Defiance troupe presents ‘You’re a Good Man, Charlie Brown’ |

Defiance troupe presents ‘You’re a Good Man, Charlie Brown’

If you’re looking for an escape or just something light to do with your family, Defiance Community Players is here to help with “You’re a Good Man, Charlie Brown,” which shows at 7 p.m. Nov. 11, 12, 18 and 19 with 2 p.m. Saturday matinées at Mountain View Church, 2195 County Road 154. Tickets are $20 for adults and $15 for students and seniors.

“It’s about rediscovering things that you may have forgotten that are really there,” said director Chip Wells. “It’s saying that there’s always hope and there’s always a source of happiness.”

A former elementary school librarian, Wells’ own first book fair book was “Introducing Peanuts” back when the franchise was fresh.

“I’ve always had this affection for its very real-life philosophy,” she said. “I believe the writers of comic strips are out and out brilliant. They can tell a whole story in four frames.”

The stage adaptation reflects that in what amounts to a series of vignettes.

“There are so many segments that it’s almost like a comic strip,” Wells said. “I loved it in its first version, and I think it’s much more exciting and lively in its revised version.”

The performance also borrows heavily from the style of the classic television specials and includes live musicians for the upbeat score.

“It’s really challenging music,” Wells said. “There are times when you have six parts singing at the same time.”

The set is straightforward with a brick wall, bench, and of course Snoopy’s doghouse.

“Snoopy is such an iconic cartoon character. It’s kind of fun to recreate that in this show,” said Lisa Langer, who portrays the famous pooch. “Nobody understands how crazy thoughtful imaginative he is.”

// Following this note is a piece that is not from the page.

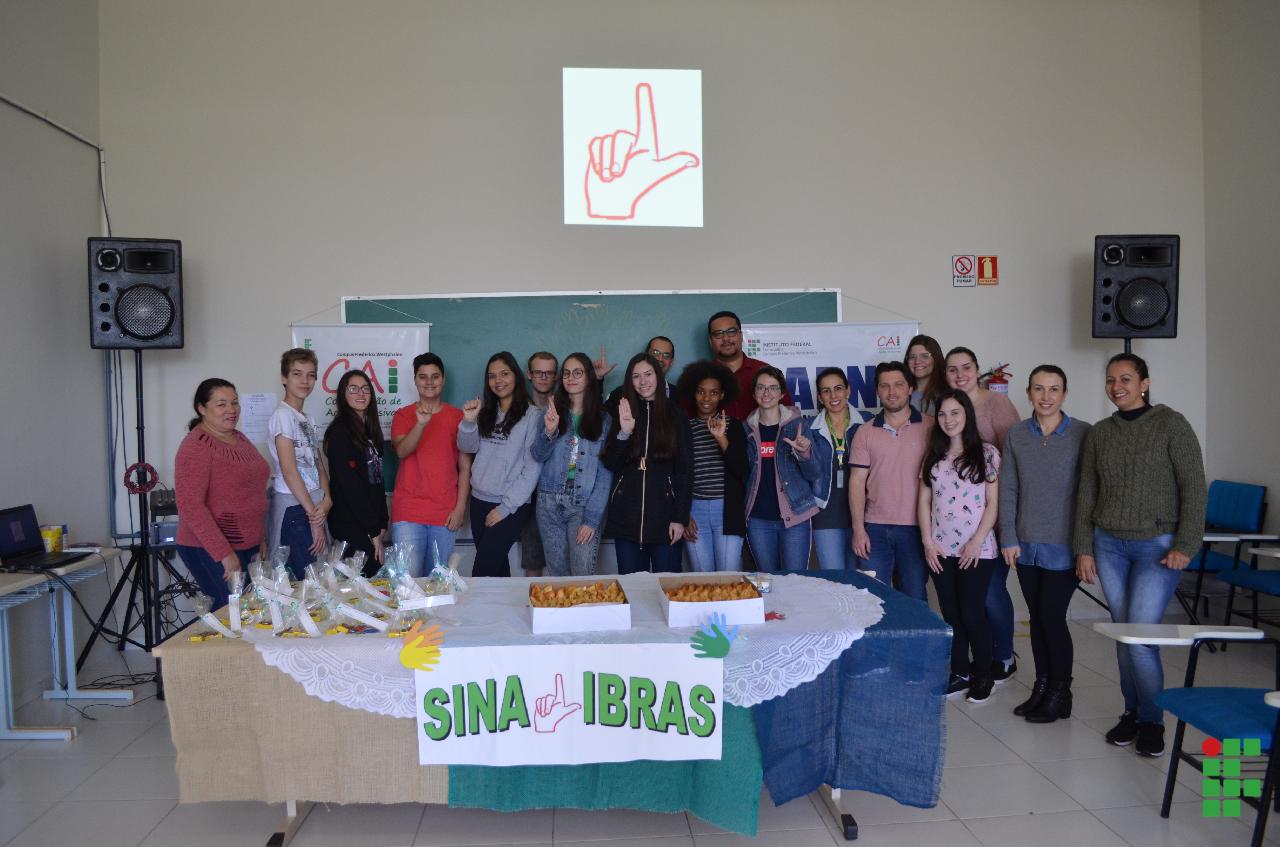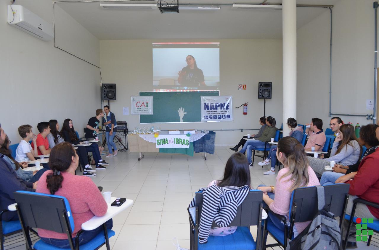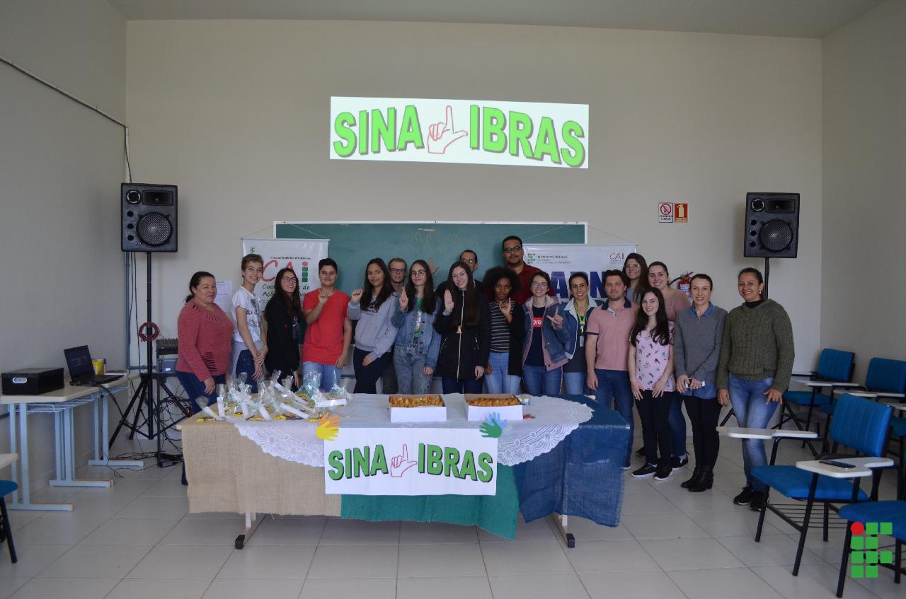 Propiciar o conhecimento e a qualificação de estudantes e servidoras/es do IFFar Campus Frederico Westphalen, em relação à Língua Brasileira de Sinais (Libras) constituiu o principal objetivo do Projeto de Ensino SinaLibras – 2ª Edição: Curso Básico de Libras no IFFar Campus Frederico Westphalen. O Projeto foi coordenado pela Docente de Educação Especial e Coordenadora de Ações Inclusivas do Campus, Graciela Fagundes Rodrigues e ministrado pelas intérpretes Angela Padilha e Angéliza Pozzer com a colaboração da acadêmica surda do Curso de Medicina Veterinária Karine Teixeira.

The only one who really seems to get Snoopy is Charlie Brown himself, played by Colorado Mountain College student Travis Wilson. Through the play, Wilson has found more affection for the character than he had before.

“I thought he was kind of flat. As I’ve gotten closer, I realize I really resonate with Charlie. In some ways, we all do. He’s the everyman,” he said. “He shows that he’s more than a bumbling mope.”

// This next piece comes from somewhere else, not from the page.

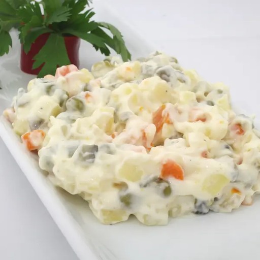 batata cozida, molho maionese, cenoura ralada, milho e cebolinha para decorar

That’s not to say that he doesn’t have some moments worthy of eye rolling.

“Schultz can make 6-year-olds sound like prophets sometimes, but they’re still children,” Wilson said. “He takes things so seriously. Everything is such a big deal, even when it’s not.”

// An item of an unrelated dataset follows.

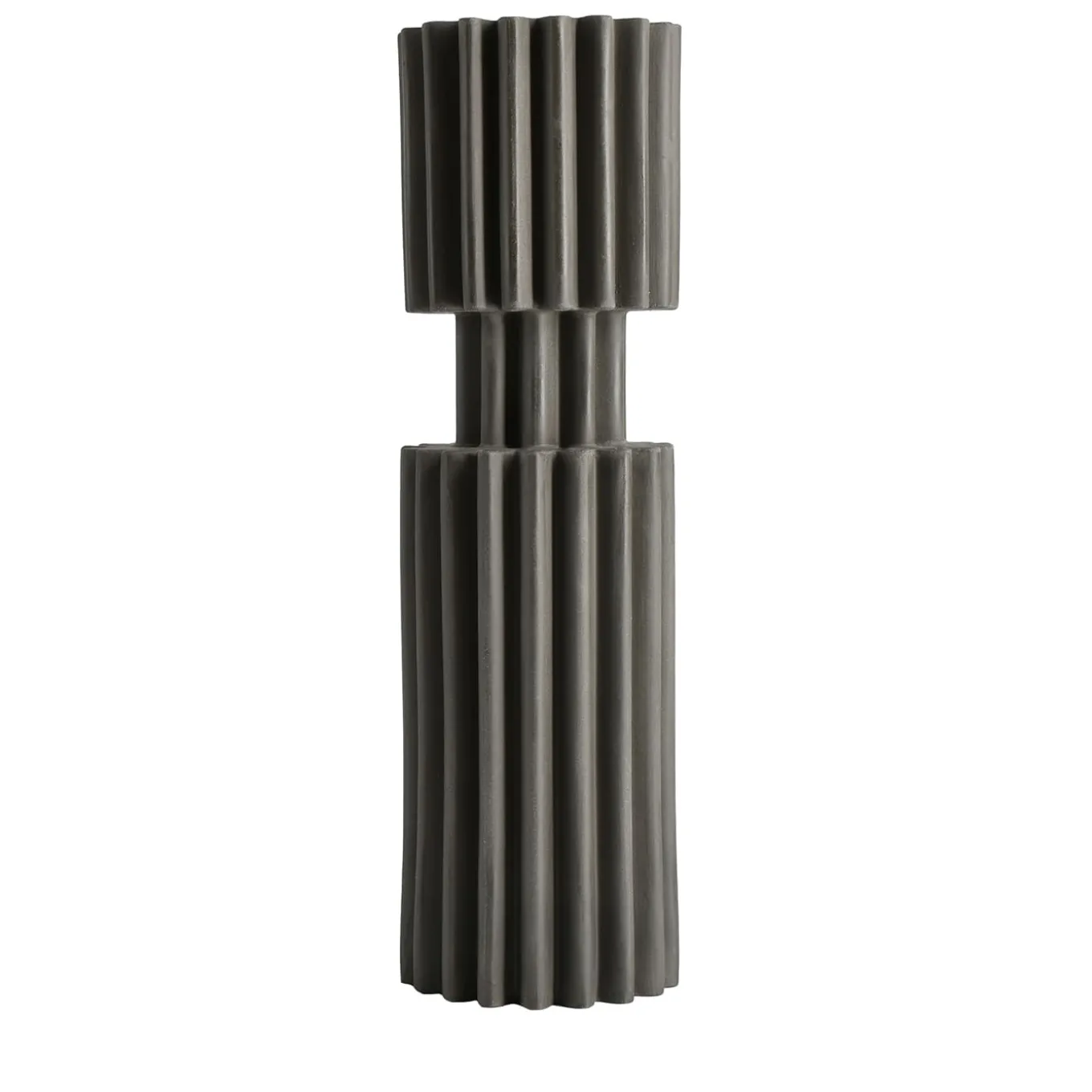 Defined by clean and simple volumes inspired by architecture, this stylish vase is part of the Le Torri Collection, “the towers”, named after its pieces’ elongated shape composed of cylindrical elements. It is molded and crafted by hand of anthracite-colored gres. The surface features textured grooves to reveal a superb interplay of lights and shadows. Available in other colors and sizes, please refer to the Concierge for options.

“People know this character, so my goal is to be the Charlie Browniest I can be,” he added.

Perhaps the strongest personality in the ensemble cast, however, is Heather Porterfield’s Lucy.

“Everyone has a Lucy in their life,” said Porterfield, a senior at Glenwood Springs High and a regular Defiance player. The show is a return to her first stage — she used to go church there as a kid. Now, it’s a matter of trying to harness that youth in her performance.

“The hardest part has been finding the 6-year-old in me,” she said. I’ve played older roles, but never younger.”

In fact, having adult actors play the kids is an intentional decision on Wells’ part.

“I wanted people who were far enough away from being 5 or 6 to really reflect on that,” she said. “If you’re not presenting something by kids, you should have something for kids. This is one show where it’s absolutely safe. We don’t have to edit out or explain anything. It’s like walking into a big hug.”

That’s not to say it won’t appeal to an adult audience.

“It’s not just a kids’ show; it’s a human show. It will resonate on different levels for different people and different ages,” she said. “My goal is always the same in theater — whether I’m producing, acting, or collecting props. I was told early on that the purpose of theater is to ameliorate the human condition. I’m confident that this production will be exactly that.”